# Newtonian limit of Schwarzschild metric

• I
If I am asked to show that the tt-component of the Einstein equation for the static metric
##ds^2 = (1-2\phi(r)) dt^2 - (1+2\phi(r)) dr^2 - r^2(d\theta^2 + sin^2(\theta) d\phi^2)##, where ##|\phi(r)| \ll1## reduces to the Newton's equation, what exactly am I supposed to prove?

## Answers and Replies

PeterDonis
Mentor
2019 Award
Compute the Einstein tensor for this metric and plug it into the Einstein Field Equation; take its 0-0 component; and show that the resulting equation reduces to Newton's equation.

dextercioby
Homework Helper
I think it leads to Poisson's equation for the gravitostatic potential. ## \nabla^2 \phi (\mathbb{r}) = -\rho ##

Compute the Einstein tensor for this metric and plug it into the Einstein Field Equation; take its 0-0 component; and show that the resulting equation reduces to Newton's equation.
I have got ##G_{tt} = - \frac{2(-1+2\phi)(\phi + 2 \phi^2 +r \phi')}{(r+2r\phi)^2}##
How do I proceed from here? I am getting a first derivative of ##\phi## instead of second derivative.

PeterDonis
Mentor
2019 Award
I have got ##G_{tt} = - \frac{2(-1+2\phi)(\phi + 2 \phi^2 +r \phi')}{(r+2r\phi)^2}##

Yes, this looks ok.

I am getting a first derivative of ##\phi## instead of second derivative.
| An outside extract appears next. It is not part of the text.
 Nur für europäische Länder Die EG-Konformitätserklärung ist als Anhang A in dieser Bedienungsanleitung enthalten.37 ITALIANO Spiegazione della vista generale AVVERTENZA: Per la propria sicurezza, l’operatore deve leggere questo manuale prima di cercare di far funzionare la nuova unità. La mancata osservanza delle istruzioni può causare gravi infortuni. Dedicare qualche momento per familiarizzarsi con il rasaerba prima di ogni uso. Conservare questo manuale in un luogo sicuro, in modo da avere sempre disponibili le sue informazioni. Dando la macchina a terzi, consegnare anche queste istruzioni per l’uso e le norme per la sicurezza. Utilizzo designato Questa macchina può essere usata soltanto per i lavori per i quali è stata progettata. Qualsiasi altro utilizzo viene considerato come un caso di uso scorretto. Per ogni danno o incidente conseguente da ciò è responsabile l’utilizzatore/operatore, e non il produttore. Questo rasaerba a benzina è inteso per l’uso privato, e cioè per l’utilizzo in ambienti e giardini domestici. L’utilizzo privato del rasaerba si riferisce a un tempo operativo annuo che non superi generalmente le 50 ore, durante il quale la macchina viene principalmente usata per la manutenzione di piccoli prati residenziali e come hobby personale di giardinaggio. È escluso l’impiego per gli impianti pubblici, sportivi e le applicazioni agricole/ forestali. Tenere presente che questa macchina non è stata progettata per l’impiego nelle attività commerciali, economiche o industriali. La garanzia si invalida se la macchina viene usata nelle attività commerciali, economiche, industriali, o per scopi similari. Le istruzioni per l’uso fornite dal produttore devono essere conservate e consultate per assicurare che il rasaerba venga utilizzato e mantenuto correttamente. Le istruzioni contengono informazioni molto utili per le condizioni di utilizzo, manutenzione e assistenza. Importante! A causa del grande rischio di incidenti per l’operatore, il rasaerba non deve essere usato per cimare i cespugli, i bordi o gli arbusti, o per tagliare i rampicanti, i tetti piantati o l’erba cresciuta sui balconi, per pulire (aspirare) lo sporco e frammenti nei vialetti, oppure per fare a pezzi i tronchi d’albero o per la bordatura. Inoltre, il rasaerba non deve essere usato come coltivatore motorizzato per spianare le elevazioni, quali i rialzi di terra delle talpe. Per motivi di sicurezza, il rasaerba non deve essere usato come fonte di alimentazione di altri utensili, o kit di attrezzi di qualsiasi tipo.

Yes, but remember that the Einstein tensor has two pieces: ##G_{\mu \nu} = R_{\mu \nu} - \frac{1}{2} g_{\mu \nu} R##, where ##R_{\mu \nu}## is the Ricci tensor, and ##R## is the Ricci scalar. So the EFE is really ##R_{\mu \nu} - \frac{1}{2} g_{\mu \nu} R = 8 \pi T_{\mu \nu}##. You might try calculating the two pieces separately to see if there are second derivatives there.
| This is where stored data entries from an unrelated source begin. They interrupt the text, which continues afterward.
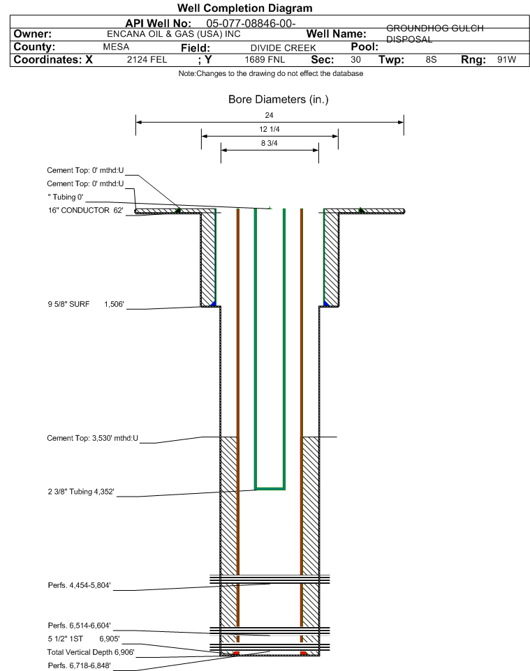 | Wellbore Completed | | Completion Date: | 8/8/2005 | | Spud Date: | 7/1/2005 | Spud Date Is: | ACTUAL | | Measured TD: | 6910 ft. | Measured PB depth: | 4640 ft. | | True Vertical TD: | 6906 ft. | True Vertical PB depth: | 4636 ft. | | Top PZ Location: | Sec:30 Twp: 8S 91W | Footage: 1580 FNL 1973 FEL | | Bottom Hole Location: | Sec:30 Twp: 8S 91W | Footage: 1580 FNL 1973 FEL | | Log Types: | CBL, PEX | | Log Types: | CBL | | Casing: | String Type: CONDUCTOR, Hole Size: , Size: , Top: 0 ft., Depth: 60 ft., Weight: 40# , Citings Type: ACTUAL | | Cement: | Sacks: 30, Top: 0 ft., Bottom: 60 ft., Determination Method: CALC | | Casing: | String Type: SURF, Hole Size: 12.25 in., Size: 8.625 in., Top: 0 ft., Depth: 1525 ft., Weight: 32# , Citings Type: ACTUAL | | Cement: | Sacks: 1075, Top: 0 ft., Bottom: 1525 ft., Determination Method: CALC | | Casing: | String Type: 1ST, Hole Size: 7.875 in., Size: 5.5 in., Top: 0 ft., Depth: 6149 ft., Weight: 17# , Citings Type: ACTUAL | | Cement: | Sacks: 781, Top: 1500 ft., Bottom: 6149 ft., Determination Method: CBL | | Additional Cement: | String Type: 1ST , Top: 3881 ft., Depth: 3880 ft., Bottom: 3880 ft., Sacks: 100, Method: SQUEEZE | | Additional Cement: | String Type: 1ST , Top: 2855 ft., Depth: 2854 ft., Bottom: 2854 ft., Sacks: 50, Method: SQUEEZE | | Additional Cement: | String Type: 1ST , Top: 2231 ft., Depth: 2330 ft., Bottom: 2330 ft., Sacks: 100, Method: SQUEEZE | | Formation | Interval Top | Log Bottom | Cored | DSTs | | WASATCH | 0 ft. | 2979 ft. | | | | WILLIAMS FORK | 2980 ft. | 5909 ft. | | | | ROLLINS | 5910 ft. | 6496 ft. | | | | COZZETTE | 6497 ft. | 6667 ft. | | | | CORCORAN | 6668 ft. | 6910 ft. | | |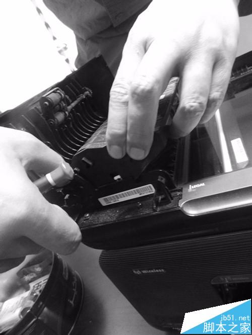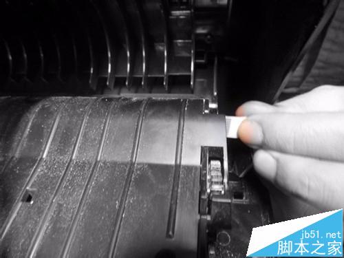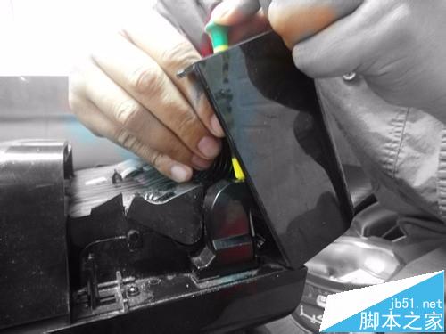8、安裝滾心先裝左邊,然后用力將右邊扳開,將其安裝到位,再用改刀安裝排線盒。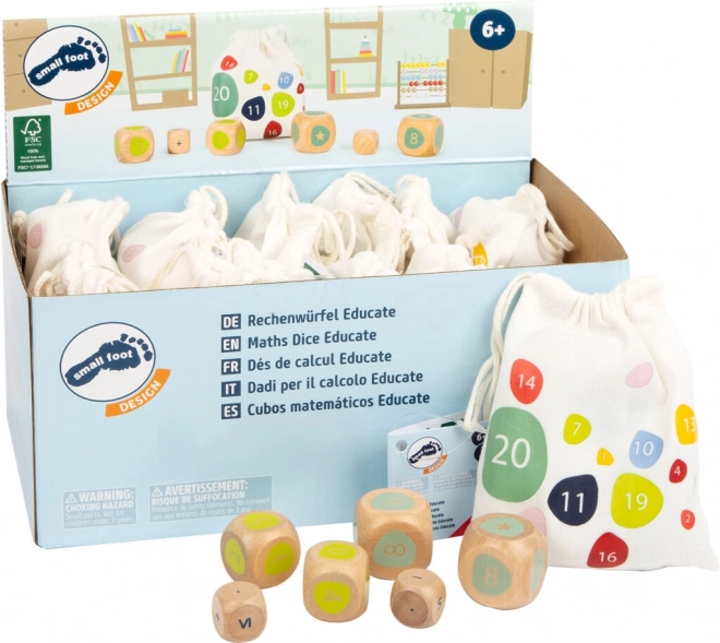 Nous vous présentons des dés mathématiques éducatifs, idéals pour s'exercer de façon ludique à l'arithmétique. Chaque set contient six dés fabriqués en bois 100 % certifié FSC®, soutenant une gestion forestière responsable et respectueuse de l'environnement. Un excellent outil pour développer les compétences mathématiques des enfants.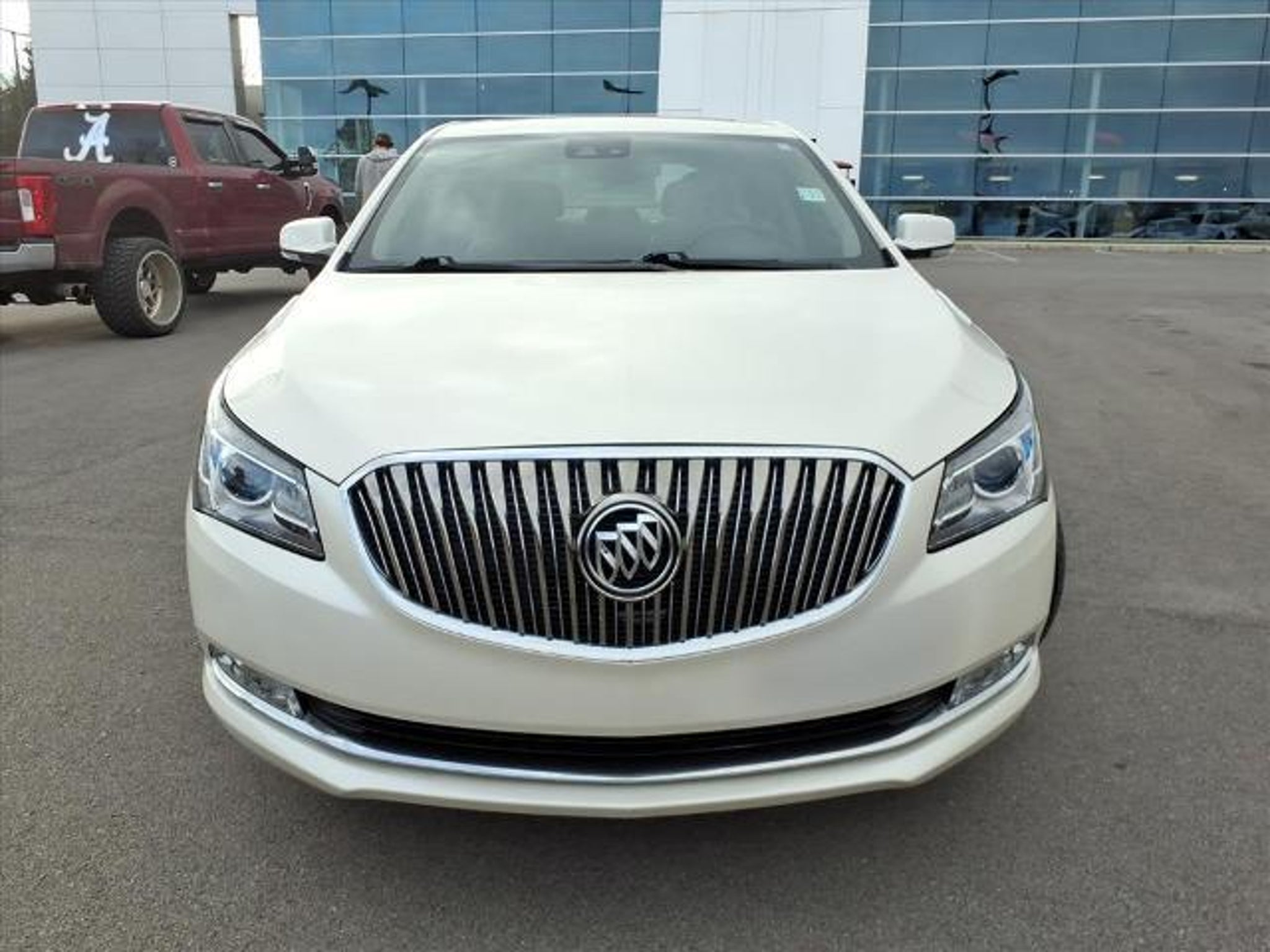 We'll trade for anything that don't eat!LOCAL TRADE!!New Price! White Diamond Tricoat 2014 Buick LaCrosse Premium II Group FWD 6-Speed Automatic Electronic with Overdrive 3.6L V6 E85 Flex Fuel SIDI DOHC VVT **LOCAL TRADE**, 11 Speakers, 4-Way Power Driver Lumbar Seat Adjuster, 4-Wheel Disc Brakes, 8-Way Power Driver Seat Adjuster, 8-Way Power Front Passenger Seat Adjuster, ABS brakes, Adaptive suspension, Air Conditioning, Alloy wheels, AM/FM radio: SiriusXM, Anti-whiplash front head restraints, Articulating Headlamps, Auto-dimming door mirrors, Auto-dimming Rear-View mirror, Automatic temperature control, Bodyside moldings, Bose Centerpoint Premium 11-Speaker Surround Sound, Brake assist, Bumpers: body-color, CD player, Compass, Driver Confidence Package # 1, Driver door bin, Driver vanity mirror, Dual front impact airbags, Dual front side impact airbags, Electronic Stability Control, Exterior Parking Camera Rear, Forward Collision Alert, Four wheel independent suspension, Front anti-roll bar, Front Bucket Seats, Front Center Armrest w/Storage, Front dual zone A/C, Front Halogen Fog Lamps, Front License Plate Bracket, Front reading lights, Garage door transmitter, Head-Up Display, Heated & Ventilated Front Bucket Seats, Heated door mirrors, Heated front seats, Heated steering wheel, Illuminated entry, Lane Departure Warning System, Low tire pressure warning, Memory seat, Occupant sensing airbag, Outside temperature display, Overhead airbag, Oversized Power Sunroof, Passenger door bin, Passenger vanity mirror, Perforated Leather-Appointed Seat Trim, Power door mirrors, Power driver seat, Power passenger seat, Power steering, Power windows, Premium 2 1SR, Premium audio system: IntelliLink, Radio data system, Radio: Buick IntelliLink AM/FM Stereo w/Navigation, Rear anti-roll bar, Rear Cross-Traffic Alert, Rear reading lights, Rear seat center armrest, Rear side impact airbag, Rear window defroster, Remote keyless entry, Side Blind Zone Alert w/Lane Change Alert, SIRIUSXM Satellite Radio, Speed control, Split folding rear seat, Steering wheel mounted audio controls, Tachometer, Telescoping steering wheel, Tilt steering wheel, Traction control, Trip computer, Turn signal indicator mirrors, Variably intermittent wipers, Ventilated front seats, Voltmeter, Wheels: 20 Machine-Faced Silver Painted Aluminum, Xenon High Intensity Discharge Projector Headlamps.Recent Arrival! Odometer is 27839 miles below market average! 18/28 City/Highway MPG<

Also, you might take a look at Carroll's online lecture notes on GR, chapter 4, which has a discussion of this calculation.
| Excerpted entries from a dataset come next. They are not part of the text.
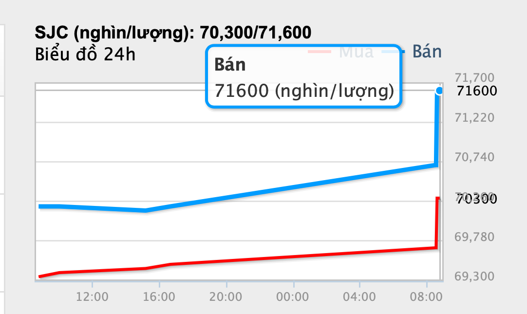 Đến 8 giờ 45, Công ty Vàng bạc Đá quý Sài Gòn (SJC) niêm yết giá vàng SJC mua vào 69,8 triệu đồng/lượng mua vào, 71 triệu đồng/lượng bán ra.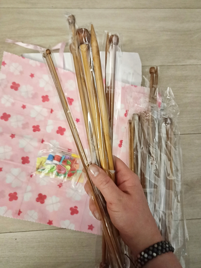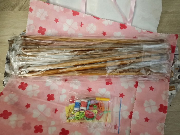 В одном из загадочных свёртков лежало 18!!! пар шикарных бамбуковых спиц и небольшой наборчик из мелких принадлежностей для вязания (маркеры, счётчики петель, иглы для аранов, распарыватель и что-то ещё). Всё это было завёрнуто в чехол для спиц. Вопрос с отсутствием подходящих для той пряжи спиц закрыт. 😄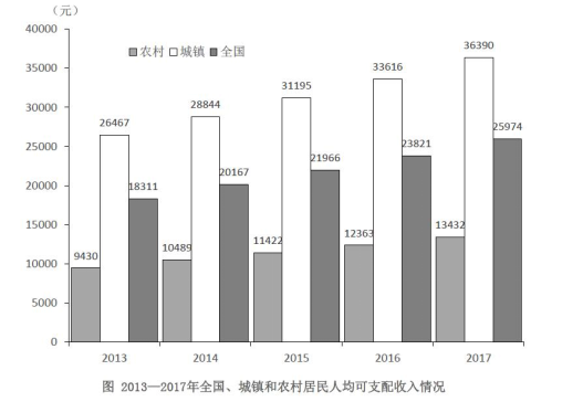 C、2014—2017年全國城鎮(zhèn)與農(nóng)村居民人均可支配收入的差額逐年減少
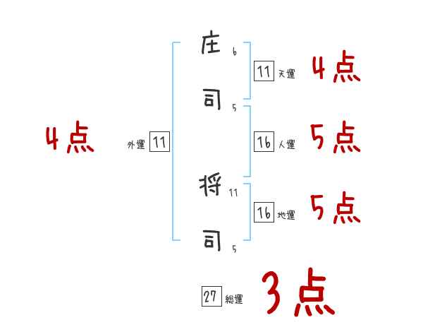 天運![]() | 庄司将司さんの天運は11画の4つ星!着実に富や地位を得る幸運な人生。 家系が持つ宿命的な運勢を表します。祖先から受け継いだ苗字ですので自分の力が及びません。家柄を象徴します。 |
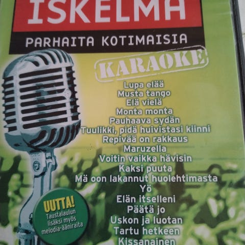 Iskelmä Hitti Karaoke DVD-levyt. Paketti sisältää kaksi karaoke-DVD-levyä, joissa on iskelmä- ja hittikappaleita kotikaraoken käyttöön. Formaatiltaan DVD, tarkoitettu karaokelaitteille tai DVD-soittimille, jotka tukevat karaokelevyjä. Yht.10e

Yes, but remember that the Einstein tensor has two pieces: ##G_{\mu \nu} = R_{\mu \nu} - \frac{1}{2} g_{\mu \nu} R##, where ##R_{\mu \nu}## is the Ricci tensor, and ##R## is the Ricci scalar. So the EFE is really ##R_{\mu \nu} - \frac{1}{2} g_{\mu \nu} R = 8 \pi T_{\mu \nu}##. You might try calculating the two pieces separately to see if there are second derivatives there.

I don't understand how this would affect anything. Even if Ricci tensor and Ricci Scalar have second derivatives, what ultimately matters is this particular sum.

PeterDonis
Mentor
2019 Award
Even if Ricci tensor and Ricci Scalar have second derivatives, what ultimately matters is this particular sum.

Not necessarily. Take a look at Carroll's notes. The short version: there is an alternate way of writing the EFE, which moves the trace term from the LHS to the RHS:

$$R_{\mu \nu} = 8 \pi \left( T_{\mu \nu} - \frac{1}{2} g_{\mu \nu} T \right)$$

For the case under discussion only the 0-0 component of this equation is significant, and only ##T_{00}## is significant in the trace ##T##.